Afternoon Music: Tom Harding, Palewell Press
This review copy landed on my doormat, and within a few minutes I was deep in it, reading one poem after another, unable to put it down. This doesn’t happen to me as often as perhaps it should.
Afternoon Music, Tom Harding’s second collection of poetry, contains a generous number of poems that induce a mood of calm and well-being. The language is simple, the words unadorned. Moments are savoured, observing ants, bees, cats. A 400-year-old shark is celebrated. Much coffee is drunk in cafes. The mood is further lifted by Harding’s own drawings, often of girls or coffee cups. Two poems actually appear as illustrations, written on hotel notepaper.
Poems such as ‘Cinemas in the Afternoon’ set the mood, talking about a companion who was “studying Postmodern Narrative Theory”, and would “deconstruct / whatever we had just seen”:
She liked taut thrillers,
where the hero proved himself
against insurmountable odds
while I liked the French films
where the people walked around,
drinking coffee, talking too much
and got nowhere.
Tom Harding is editor of Northampton Poetry Review, and has also been a regular contributor to Write Out Loud. A number of poems in this collection can be found on his Profile page. There is also a brief but interesting interview with him on our website, posted after he won our Poem of the Week for the second time.

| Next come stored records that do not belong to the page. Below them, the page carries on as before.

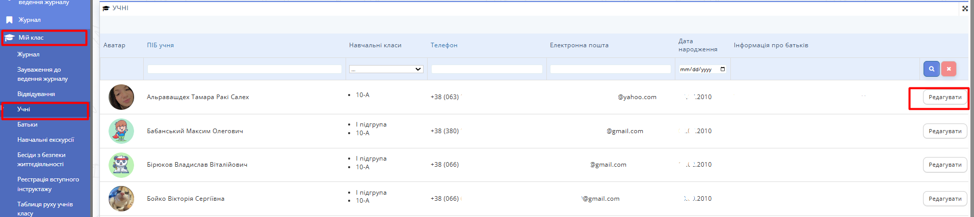 Рис. 1. Сторінка "Учні" - Знайдіть учня, інформацію якого потрібно змінити. Натисніть кнопку "Редагувати" справа від прізвища учня.
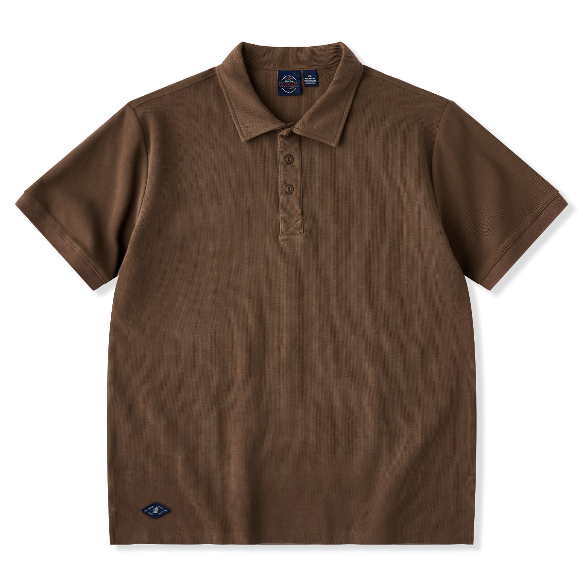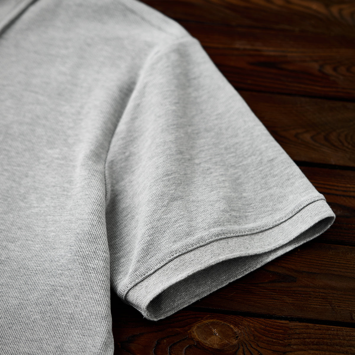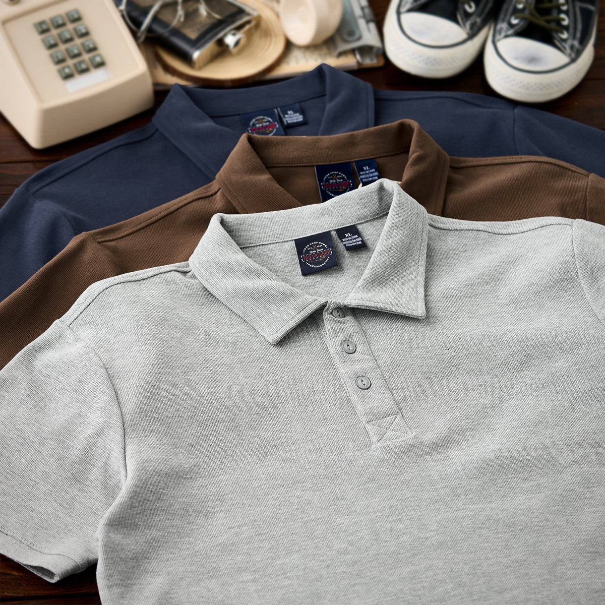 ポロのクラシックな襟元とボタンが特徴で、カジュアルながらも少しフォーマルな印象を与え、特に襟が強調されて、スタイル感をアップさせている。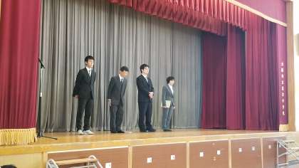 まず、竹内校長先生の着任式の後、新しく来られた先生の着任式を行いました。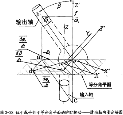 如圖2-28所示,輸入軸與輸出軸通過一個(gè)萬向聯(lián)軸器J聯(lián)接,兩軸夾角β為變量,輸出軸相對于輸入軸存在瞬時(shí)轉(zhuǎn)動(dòng)——滑動(dòng)軸,用矢量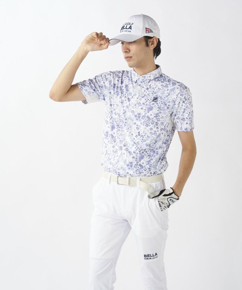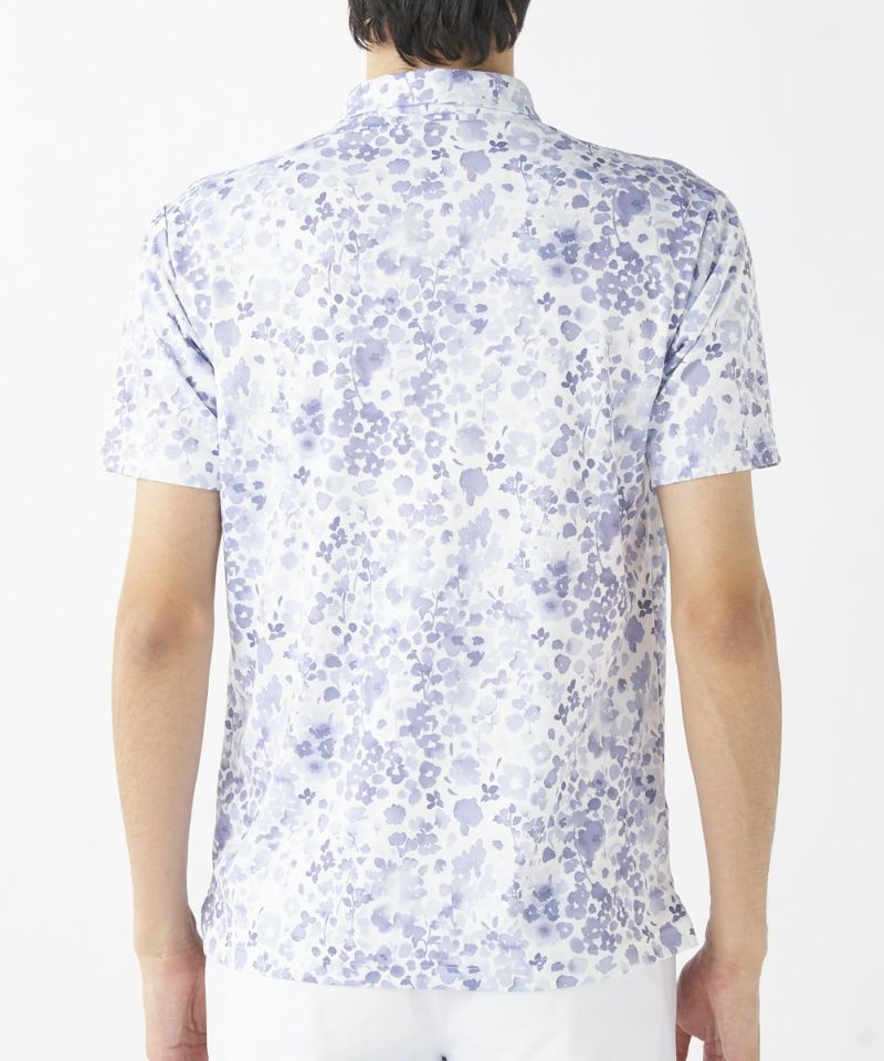 ぼかし花柄がおしゃれな半袖シャツ。吸汗速乾素材で、汗をかいてもさらっとしていて着やすいポロシャツです。シンプルなパンツとの相性がよく、コーディネートの幅も広がります。おしゃれな柄なので、ゴルフ場でも映える一枚です!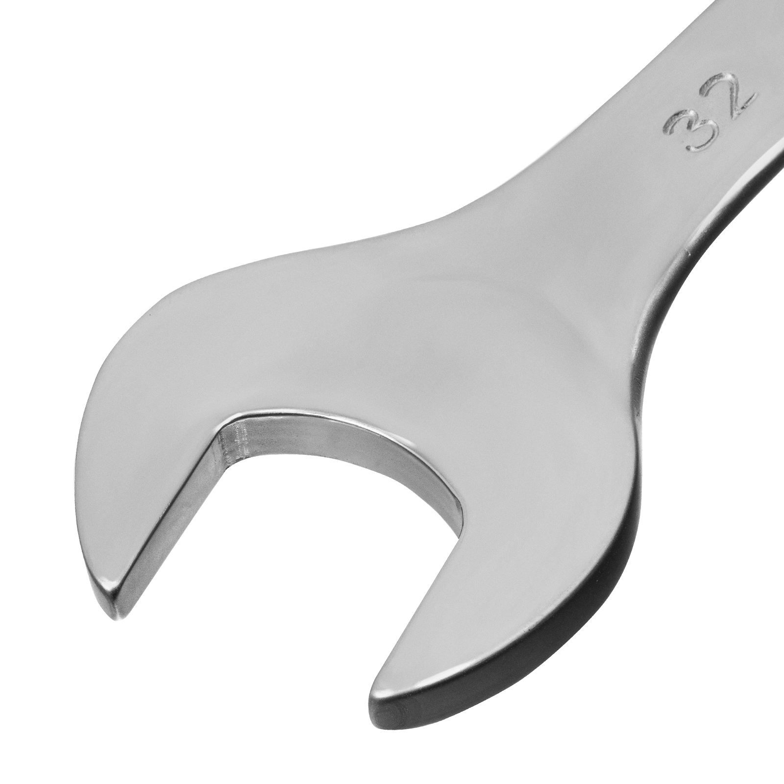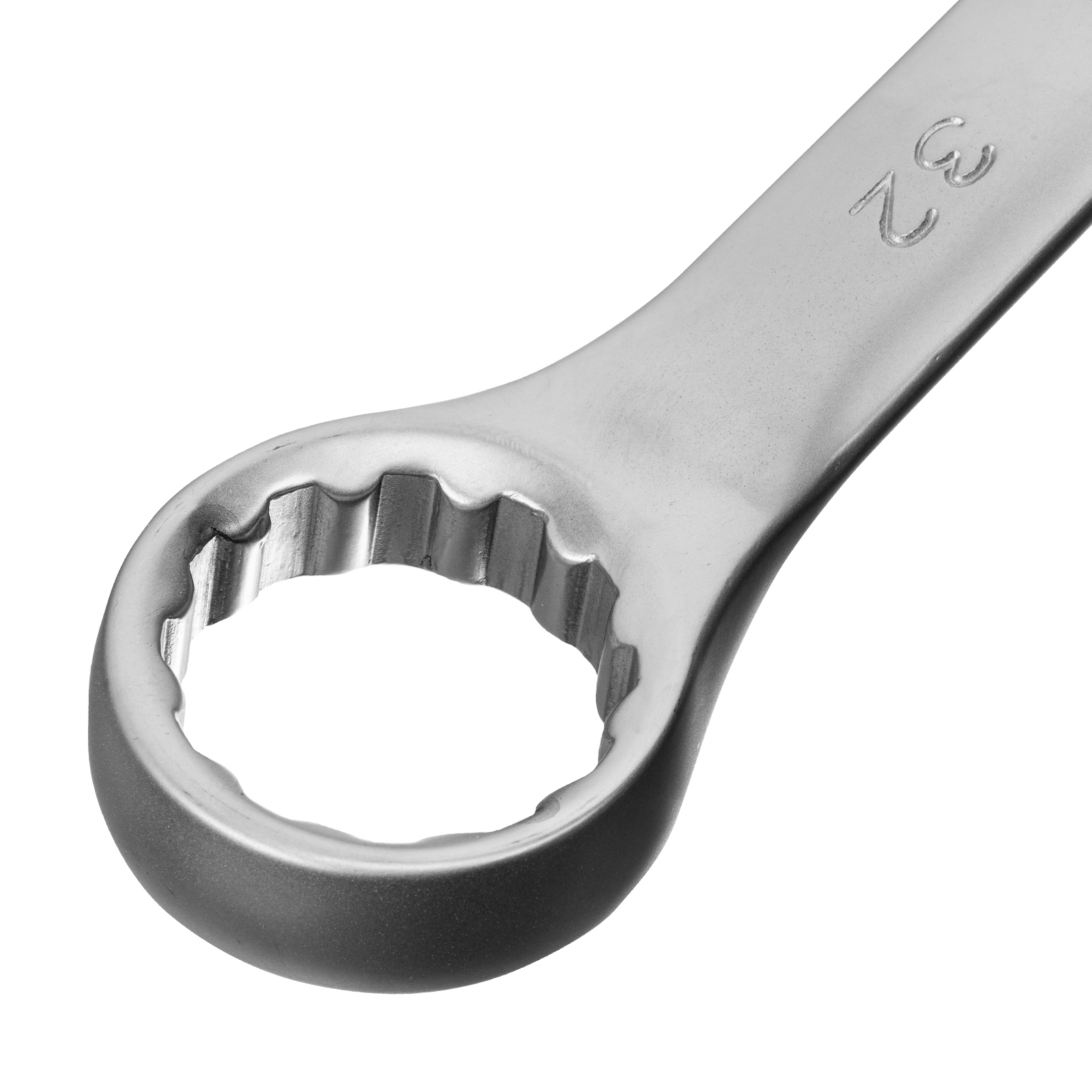 Комбинированный ключ Matrix 15121 размером 32 мм, из стали CrV, с покрытием «матовый хром», пригодится во время ремонтных работ дома или в гараже. С его помощью можно быстро монтировать и демонтировать крепежные элементы. Угол наклона кольцевого зева относительно плоскости инструмента составляет 15°, поэтому ключом удобно работать в труднодоступных местах.

There is a nod in this collection to John Clare, the poet of Harding’s home county, Northamptonshire, and far beyond. Clare becomes a more important poet with every passing year, not just for his wonderful nature poetry, but also as we grow more aware of the 19th century common land seizures and thefts, the enclosures that helped to drive him mad:
I see him
thin shoes
on the frozen stubble,
familiar with every ruck and furrow,
tracing, retracing
the mind’s grooves
made deeper
with every treading.
(‘John Clare Poem’)
“Old men’ are often spotted in the cafes frequented by Tom Harding. This is poetry written by a youngish man, which is much appreciated by this oldish one. The final, title poem is a series of images stretching over six pages, which seem to be almost but not quite haiku: “I hadn’t planned on you, then again, I hadn’t planned on anything … Sat watching the clouds move as if they have somewhere to be … The waitress walking home with her shoes under her arm … A sign for silk underwear says we can have everything … Are we all part of some great orchestration? I hear the fly ask … Was that Coltrane’s Central Park West you were whistling? … Ah little sparrow, we’re tethered so lightly to this world.”

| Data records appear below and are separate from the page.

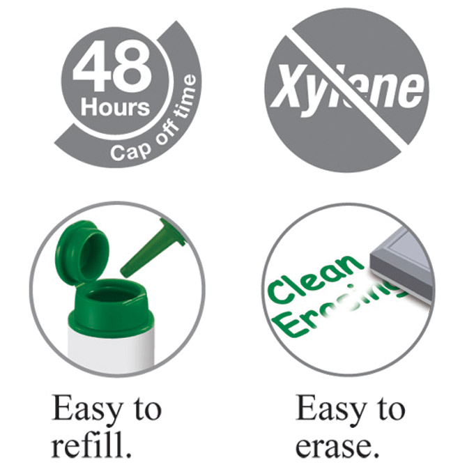 nepermanentni; brzo se suši; lako se briše sa glatkih površina; za pisanje po bijeloj ploči i glatkim površinama; može biti bez poklopca 48sati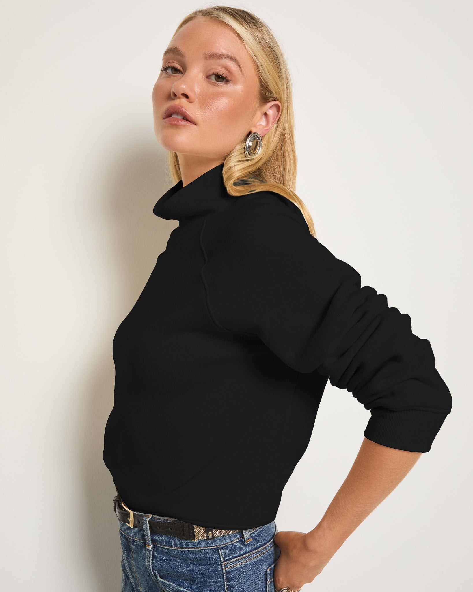 The kind of piece you’ll wear three days in a row and not feel bad about. Soft fleece, flattering neckline, and a slightly structured fit make it cozy and intentional. Your minimalist fall wardrobe will thank you.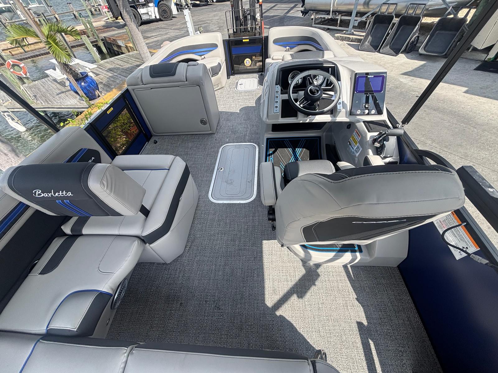 The Barletta Corsa 23U is packed with premium features designed to enhance your boating experience. The striking Bohemian Blue railskin color is complemented by the Blackout Package Corsa, giving the exterior a bold, sophisticated look. Step inside to discover furniture finished in Soft Touch Marquesan Gray with Blue Accent, offering plush comfort and a modern aesthetic. The flooring is crafted from Amore Gray, providing a durable and stylish foundation for all your onboard activities.Enjoy the ambiance created by white underdeck and underwater exterior lighting, perfect for evening cruises and dockside gatherings. The stainless steel flag pole with American flag adds a patriotic touch, while the Coastal Edition Corsa ensures this pontoon is ready for saltwater adventures. Music lovers will appreciate the added subwoofer and amplifier, delivering rich, immersive sound for every journey.

The collection is perhaps the poetic equivalent of ‘easy listening’ – ‘easy reading’, if you like – but I don’t mean that in a pejorative sense. A lot of poetry is difficult to read, either because it is not very good, or because its meaning is obscure. Is this ‘mindfulness’ poetry? Does it have a Zen Buddhist quality? Tom Harding’s poetry still takes you by surprise with its insights, and by the mood that it engenders. To maintain such steadiness and stillness of vision within this shouting world; there’s an art to it.